--- EXERCISE INPUT ---

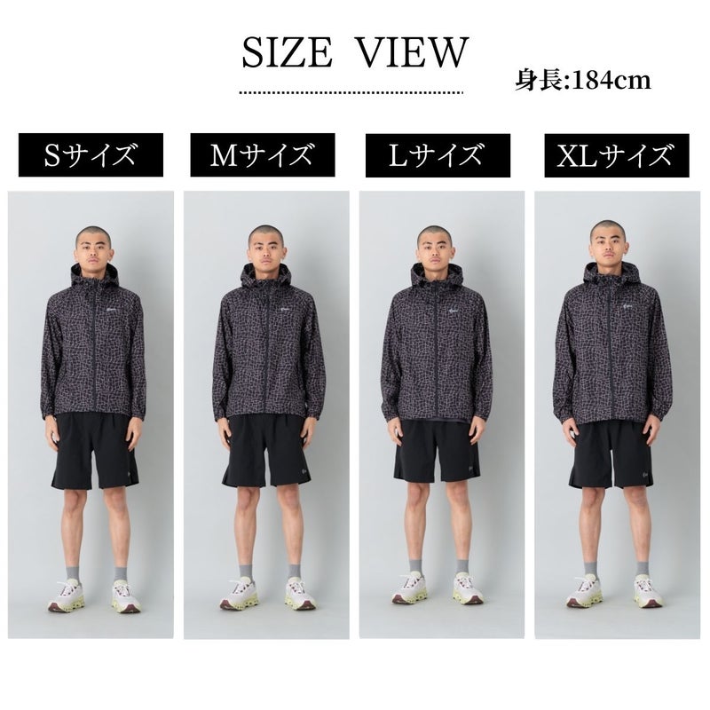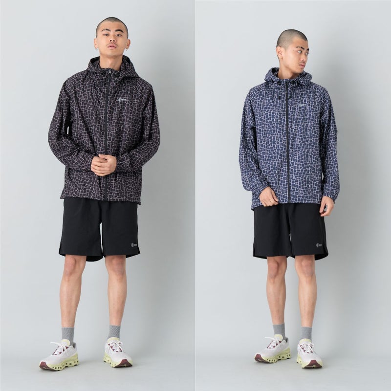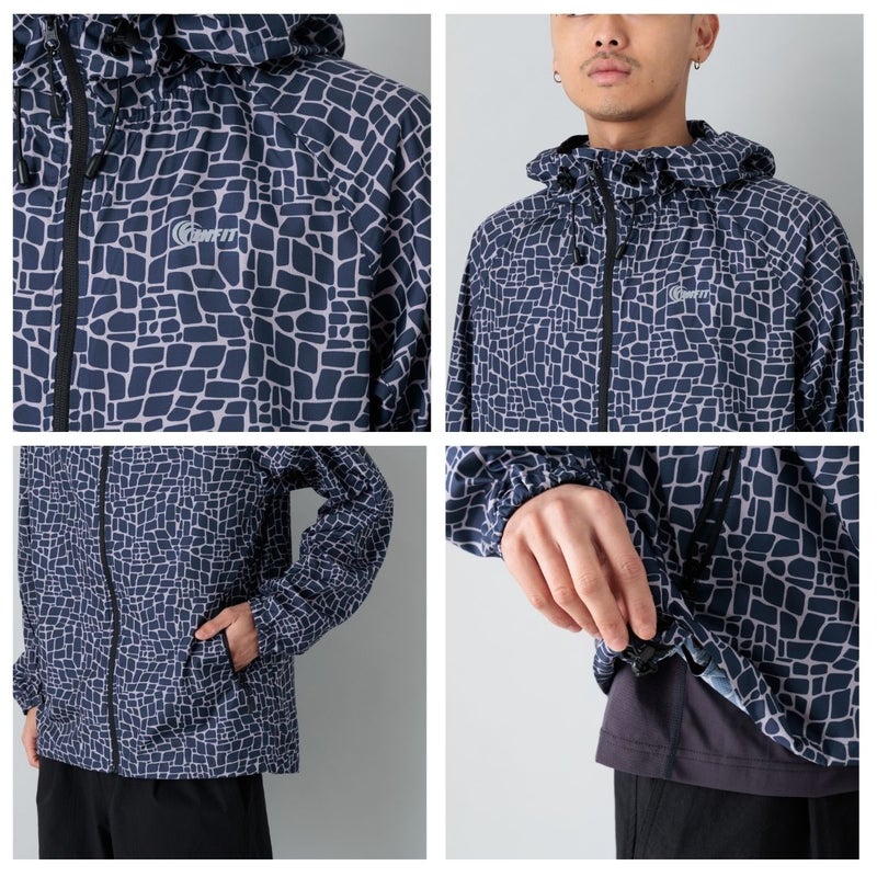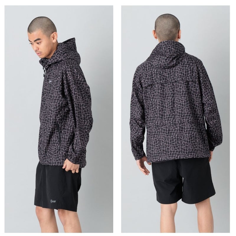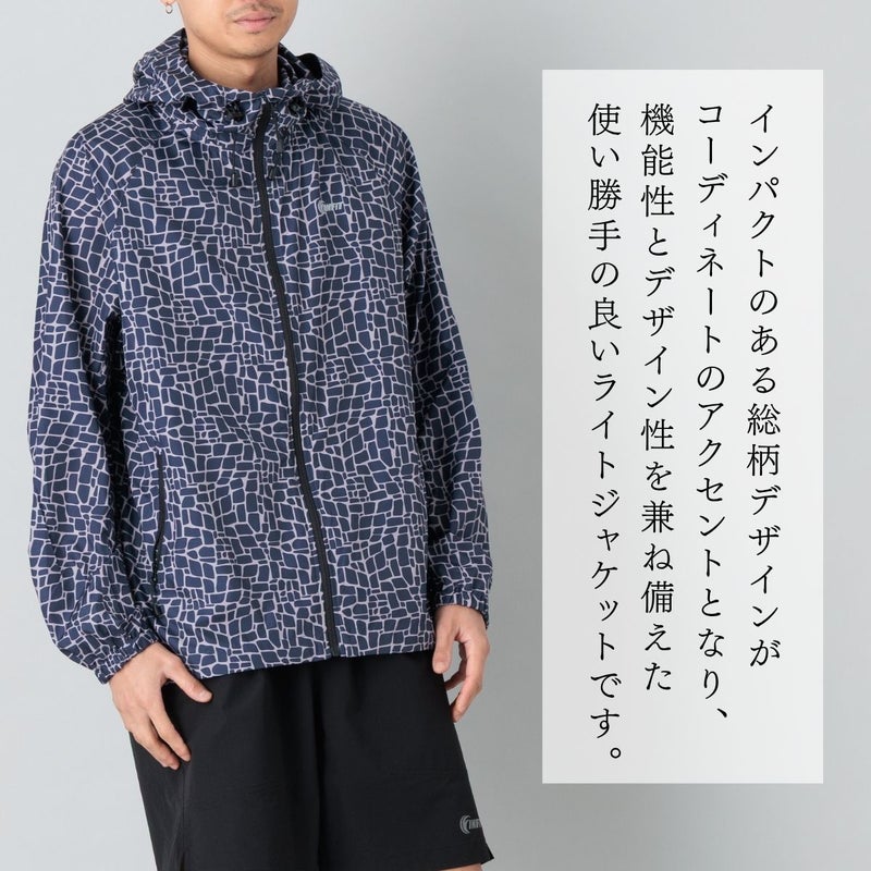 インパクトのある総柄デザインがコーディネートのアクセントとなり、機能性とデザイン性を兼ね備えた使い勝手の良いライトジャケットに仕上がっています。
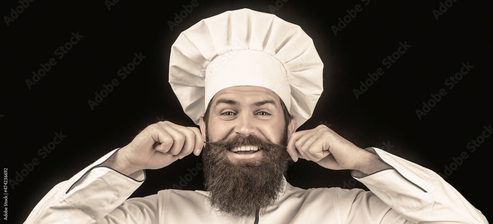 Cook hat. Bearded chef, cooks or baker. Bearded male chefs isolated on black. Funny chef with beard cook. Beard man and moustache wearing bib apron. Nappy man. Portrait of a happy chef cook
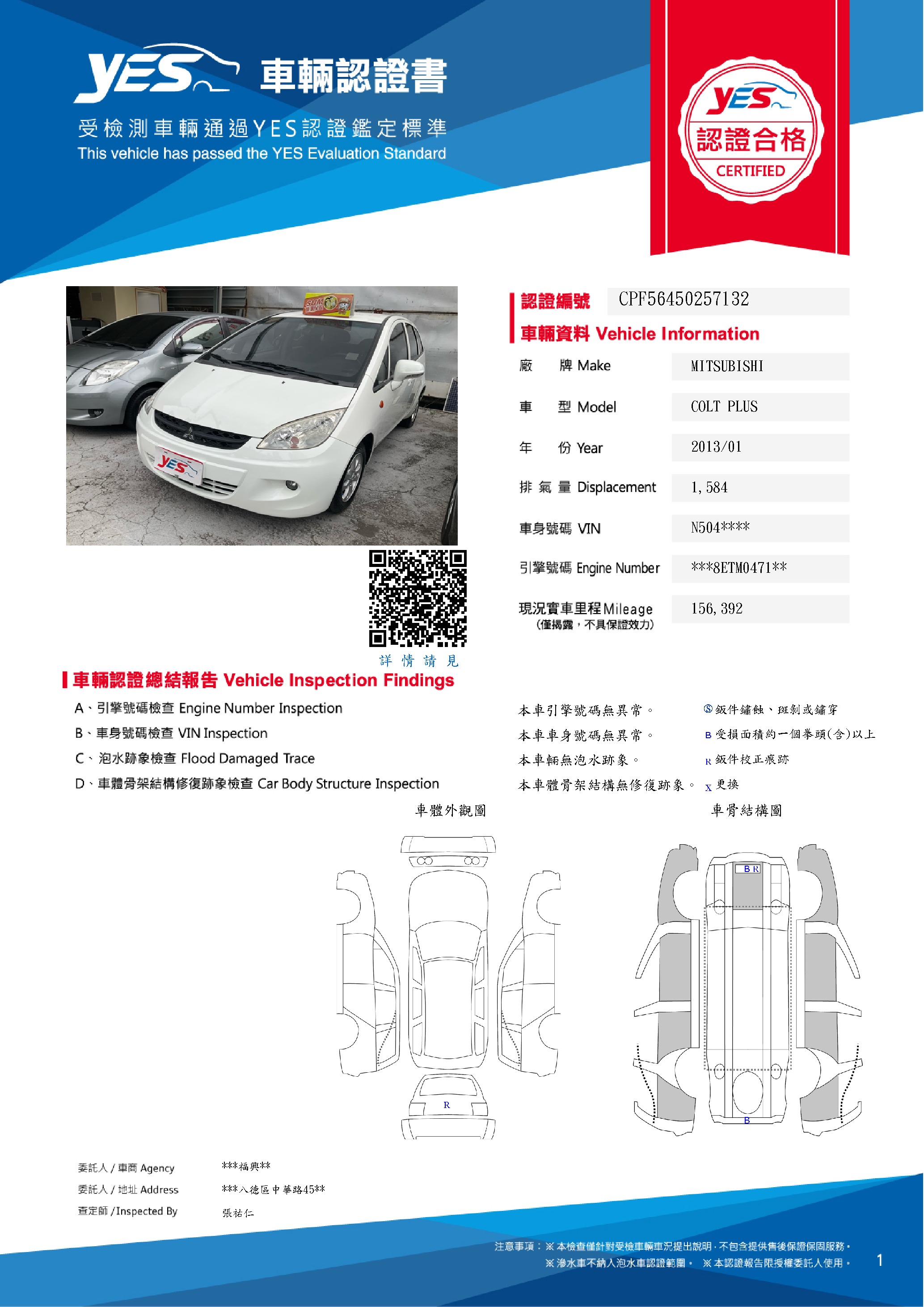 本車已由YES專業查定師完成 153 項檢測
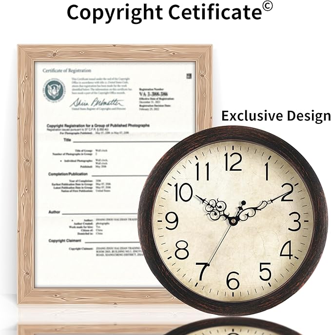 Wall Clock 12 Inch Vintage Wall Clocks Battery Operated Quartz Silent Non-Ticking Retro Rustic Style Clock Decorative for Living Room, Home Office, Kitchen,Bedroom (Bronze)
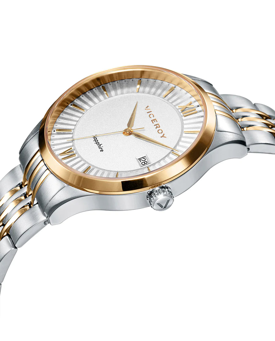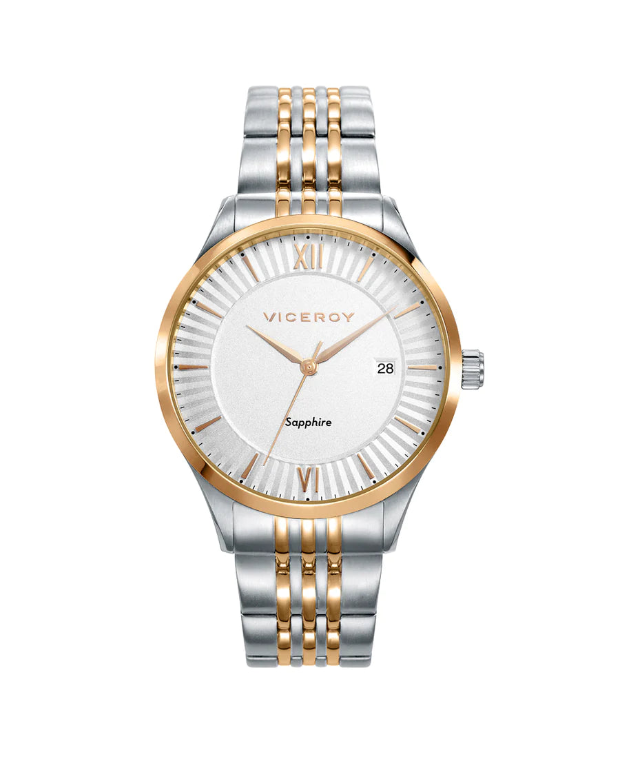 Reloj de Mujer Viceroy Dress tres agujas con la caja y el brazalete de acero bicolor en dorado, con la esfera plateada, los índices en dorado, calendario a las 3 y cristal de zafiro
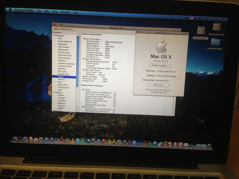 การไช้งานปกติดี อุปกรครบยกกล่อง สเป๊คคร่าวๆนะครับ Macbook pro 13" 2.3 i5 R4gb HDD320gb
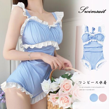 今年トレンド感満載のフリル仕様の韓国風モノキニワンピース水着
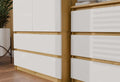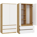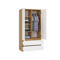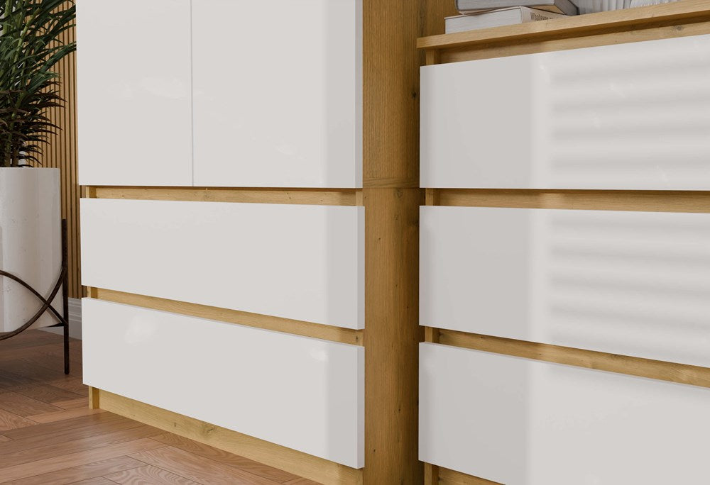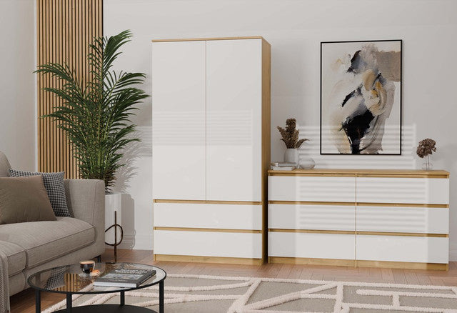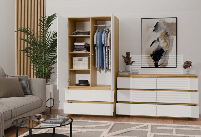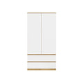 De MALWA SS-90 garderobekast combineert modern design met ultieme functionaliteit. Deze kast is uitgevoerd in een stijlvolle mix van ambachtelijk eikenhout (artisan eik) en witte, gladde fronten. Het slimme interieur biedt vijf planken, een metalen kledingroede en twee ruime lades. Dankzij het greeploze TIP-ON-systeem opent en sluit u de deuren soepel met een lichte aanraking. De solide constructie van 16mm dikke, krasbestendige gelamineerde spaanplaat maakt deze kast ideaal voor dagelijks gebruik.
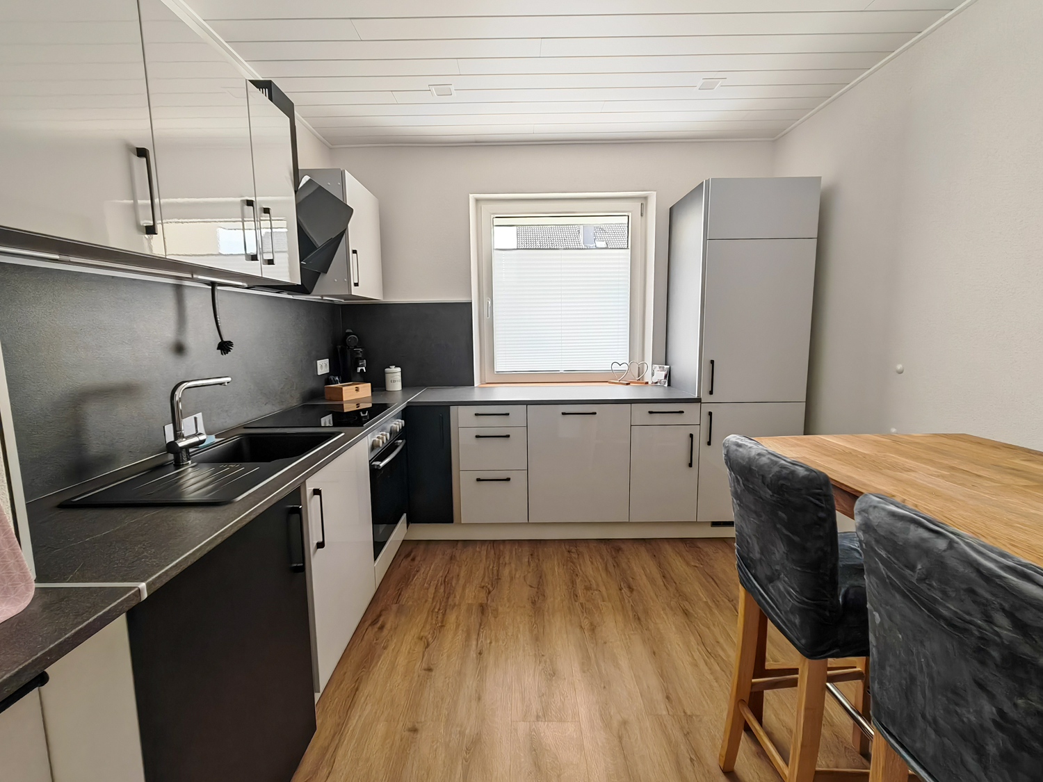 Die komplett ausgestattete Küche mit Geschirrspüler, Kühlschrank inkl. Gefrierfach, Herd, Backofen, Mikrowelle, Wasserkocher, Eierkocher, Toaster und Kaffeepadmaschine lässt keine Wünsche offen. Geschirr und weitere Kochutensilien gehören ebenfalls zur Ausstattung.

--- EXERCISE GOAL ---
Here the lines from the one containing "今年トレンド感満載のフリル仕様の韓国風モノキニワンピース水着" through the end of the material are to be copied exactly, with the pictures omitted.

--- WRITTEN SOLUTION ---
 今年トレンド感満載のフリル仕様の韓国風モノキニワンピース水着
 De MALWA SS-90 garderobekast combineert modern design met ultieme functionaliteit. Deze kast is uitgevoerd in een stijlvolle mix van ambachtelijk eikenhout (artisan eik) en witte, gladde fronten. Het slimme interieur biedt vijf planken, een metalen kledingroede en twee ruime lades. Dankzij het greeploze TIP-ON-systeem opent en sluit u de deuren soepel met een lichte aanraking. De solide constructie van 16mm dikke, krasbestendige gelamineerde spaanplaat maakt deze kast ideaal voor dagelijks gebruik.
 Die komplett ausgestattete Küche mit Geschirrspüler, Kühlschrank inkl. Gefrierfach, Herd, Backofen, Mikrowelle, Wasserkocher, Eierkocher, Toaster und Kaffeepadmaschine lässt keine Wünsche offen. Geschirr und weitere Kochutensilien gehören ebenfalls zur Ausstattung.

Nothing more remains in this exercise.